Medan perjuangan yang serba kompleks dalam mengisi kemerdekaan, membuat posisi pemuda perlu lebih diorientasikan secara egaliter untuk memperkuat pemadatan nilai keadilan dari setiap kebijakan dan program pembangunan negara. Namun, konsekuensinya adalah mampukah pemuda merancang platform perjuangan yang sama dalam rangka memberantas KKN karena kalau tidak posisi pemuda mudah terjebak dalam kelompok kepentingan atau oleh partai politik. Hal ini memang sangat mengkhawatirkan karena posisi pemuda selama ini, sadar atau tidak, lebih banyak berada dalam real pragmatisme politik.
Loyalitas dan dedikasi posisi pemuda harus tetap berdiri tegak di atas nilai kebenaran dan keadilan. Karena apa pun alasannya, fenomena kepemudaan kini relatif "termaterialisasi" di berbagai arena penyelenggaraan negara sehingga dangkal dan mandul tak berdaya dalam arus politik kapitalisme. Kekhawatiran ini menyeruak karena harapan puncak kita adalah bagaimana perjuangan pemuda dapat menggilas penyelenggaraan negara yang serba korup dari sekian banyak masalah kebangsaan.
Perlu diwaspadai bahwa keinginan dari berbagai pihak untuk merangkul pemuda semakin intens dilakukan oleh banyak parpol, terutama menghadapi Pemilu 2004. Karena mereka menyadari bahwa pemuda sangat potensial dimanfaatkan sebagai sumber pemikir dan pembenar untuk kepentingan politik sesaat.
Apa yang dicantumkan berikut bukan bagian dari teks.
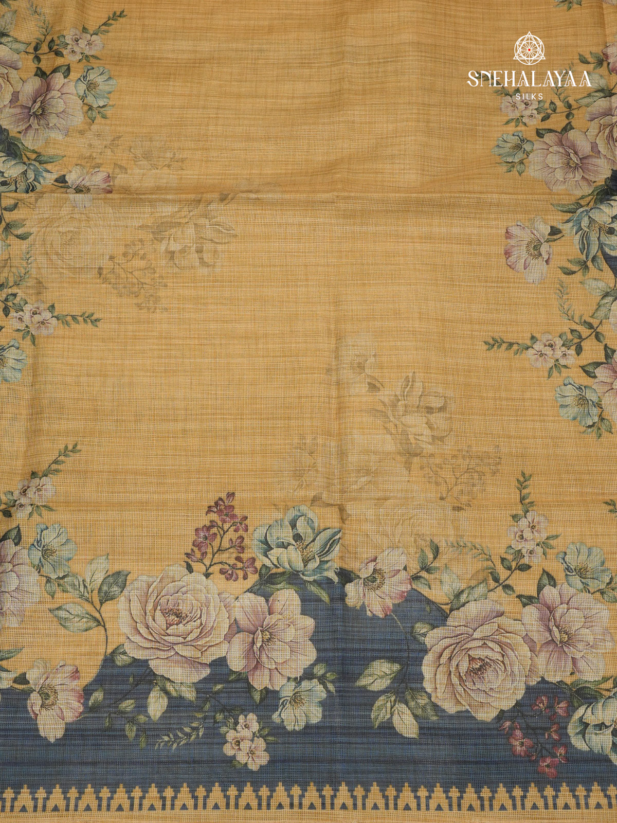 mustard Yellow With Teal Blue Printed Kota Saree
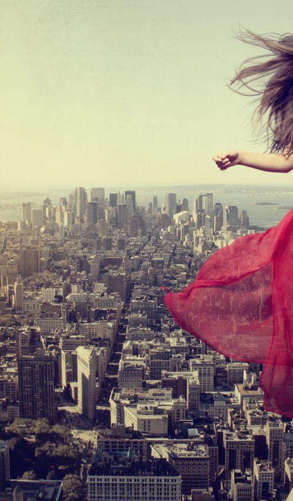 Обои Девушка акробат над городом
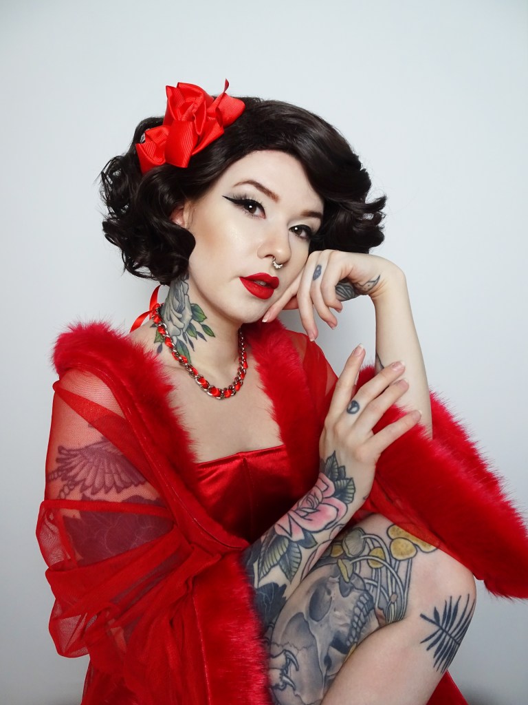 A little while back, the lovely Laura of 8th Sin sent me some of her pieces to shoot. Styling and concept were completely up to me and as someone who almost always wears black, I wanted to try something different to style this gorgeous red leather choker. I’ve had this stunning red latex mini beret…
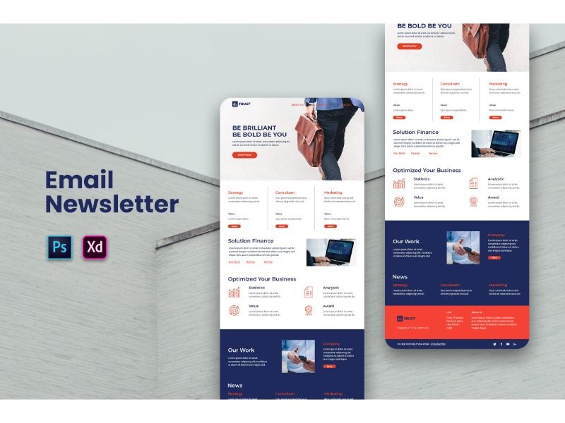 Email Newsletter, that makes your email marketing memorable with good design and colorful. This would be good for your marketing strategies and This will help you to promote your online business worldwide. You can editable and customizable It’s 100% in adobe photoshop and adobe XD.
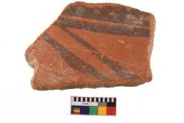 | Description / विवरण | A specimen of a potsherd. It is reddish in colour with black decorative geometric painting on it. |

Untuk itu, apa yang dikenal dengan semangat Sumpah Pemuda 1928 perlu direaktualisasi dalam melawan ketidakadilan dan pemiskinan rakyat oleh para penyelenggara negara agar pemuda memang dan benar menjadi tulang punggung bangsa dalam menentang KKN.
Kelangkaan dan mandulnya ide serta gagasan cemerlang dari pemuda masa kini akan menjadi lahan subur tumbuh dan berkembangnya praktik korupsi. Kini dan esok menanti perjuangan pemuda dengan keberanian untuk bersumpah dan berikrar membebaskan rakyat dari "kolonialisme korupsi" oleh bangsa sendiri.